第六話

 ルルの口からアルミトスの名前が出てきたことに、明善は険しい顔をする。

 さっきのルルの独り言はこれだったのか。

 明善の様子に愛美は首をかしげる。

「アキ君、どうかしたの? 怖い顔をして」

「実は……」

 明善は愛美に我妻和奏という女子高生が行方不明であり、アルミトスが関係していることを伝える。

「その女子高生と、今回の麻薬かあ。でも、その二つの件って、関係あるのかな? 異世界も一枚岩ではないでしょ。単に別の組織が動いているとか」

 愛美の疑問にルルは首を横に振る。

「アルミトスの場合は、そうじゃない。あっちの世界は巨大な一国が世界全体を支配していて、全ての住民や組織は管理されているんだ。異世界への干渉はその国が全て決めたもの。
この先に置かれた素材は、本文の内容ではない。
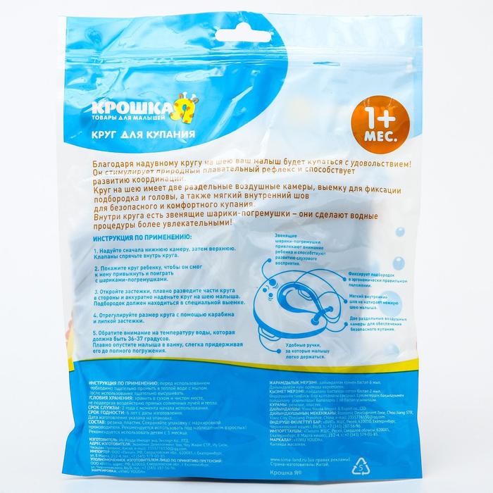 -Комфортное использование: надувной эластичный обод предупреждает давление на шею ребёнка, мягкая вставка для подбородка поддерживает головку над водой, а в местах соприкосновения с кожей круг обработан по технологии «внутреннего шва» (гладкий материал не натирает нежную кожу ребёнка).
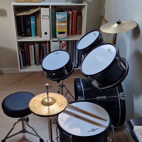 børnetrommesæt i sort farve. Sættet inkluderer basstromme, lilletromme, to tom-toms (en knækket af) og bækken samt trommestikker. Designet til børn med mindre dimensioner og let tilgængelige trommer.
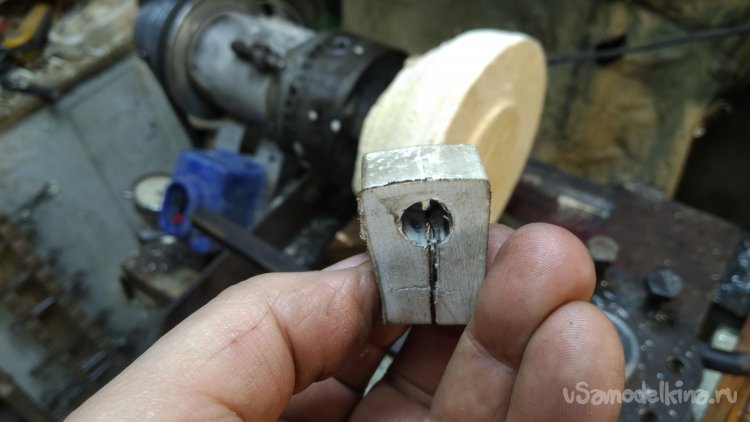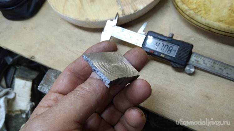 После того как отрезал заготовки, зажал в патрон и проточил, красоты не добивался, просто грани сделал ровными и параллельными, исходная болванка у меня не очень хорошо была зажата, прижим по скорому придумал из подручных материалов, поэтому линии реза не совпадали.
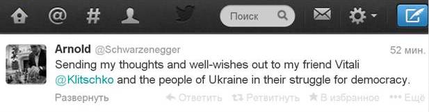 "Посылаю свои добрые пожелания моему другу Виталию Кличко и украинским людям в их борьбе за демократию. Мысленно с вами", - написал Шварценеггер в своем твиттере.
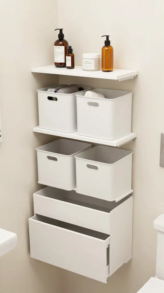 How can I add half bathroom storage solutions in a tiny space without clutter?

彼らは非常に慎重で、一つの世界では一つの計画しか実行しない。その二つの件は最終目標は同じはずさ」

 ちなみになんだがと、明善はパケを指差す。

「これについて、アルミトスには聞いたか?」

「質問状は送ったさ。複数の世界の連名入りで」

「結果は?」

「返事すらなし」

「だろうね」

 異世界も様々だが、その中でもアルミトスはかなり特異な国だ。徹底的な秘密主義で軍事拡大に力を入れている。アルミトスは資源にも乏しく、気候も厳しい。最初は彼らに同情し支援を申し出る世界もあったが、アルミトスは全て断った。それどころか資源を奪おうと他の世界への軍事侵攻を頻繁に行なったため、今ではすっかり嫌われ者だ。

 「しかも」と、ルルは続ける。

「アルミトスはホルスという別の世界と現在戦争中なんだ。元々この二つの世界は仲が悪いのだけど、ホルス側の世界政府の政権が現在に変わってからは、軍事衝突が多くなった」

 ホルスはアルミトスの軍事侵攻を受け、一時期世界の一部が占領状態にあった。住人が虐殺され、大量の資源を奪われたため、今でも恨みが凄まじい。ホルスも異締連に所属していない。理由はアルミトスとの戦争ができないからだ。異締連に所属している世界は異世界間での戦争が禁止されている。

「ったく、本当に面倒だな」

 明善は頭を掻きむしる。

 こちらから聴取しようにも、アルミトスは応じない。それどころか難癖をつけて、こちらの世界への軍事侵攻を開始するかもしれない。非常に気を遣いながら、捜査をしなければいけないのだ。

 その懸念が顔に出ていたのか、ルルは励ますように明善の肩を叩いた。

「大丈夫さ。さすがのアルミトスも異締連に所属しているこの世界に、正面きって戦争を仕掛けないよ。そんなことすれば、連合に所属している世界からも総攻撃を受ける。それにこちらの世界の人間を無闇に殺そうとしないはずさ」

 こちらの世界の人間は異世界に転移した時に、強力な力を授かる。アルミトスも自分達の軍事力を強化するため、喉から手が出るほどに欲しい。それだけじゃない。もし、こちらに憎悪を抱かせれば、アルミトスに転移して攻め込んでくるかもしれない。転移時に得られた巨大な力を伴って。だから、アルミトスはこちらとの戦争は避けるはずだというのが、ルルの、いや異締連の考えだ。

「それでね、ルル、このことを私達に持ち込んできた理由を知りたいの。まさかとは思うけど……」

「うん、どうやらこの県でも僅かながら出回りつつあるみたいなんだ。数日前に、この県で一人暮らしの男性が死亡しているのが発見された」

 発見者は、男性にアパートを貸している大家。家賃が振り込まれないため、催促に男性の部屋に向かった。部屋の前に来た大家は、チャイムを鳴らすが返答なし。数回チャイムを鳴らしたところで、部屋の様子がおかしいことに気がついた。ドアポストには数日分の新聞が挟まっており、ドアポストから嫌な匂いがする。何かが腐ったような匂いだ。そう思った大家は、その場ですぐに警察に通報。警察と共に部屋に入った大家は、男の死体を発見した。その男は普段から異常行動を繰り返しており、近所でもトラブルメーカーとして有名だった。警察は大家、他の住人、部屋から見つかった麻薬や注射器から、麻薬中毒による死亡と判断。腐敗はあまり進んでおらず、死後数日といったところ。司法解剖に回されたのが、解剖医は男の体から未知の成分を発見した。解剖医から報告を受けた警察は、もしや異世界産の麻薬ではと疑い、異締連に調査を依頼。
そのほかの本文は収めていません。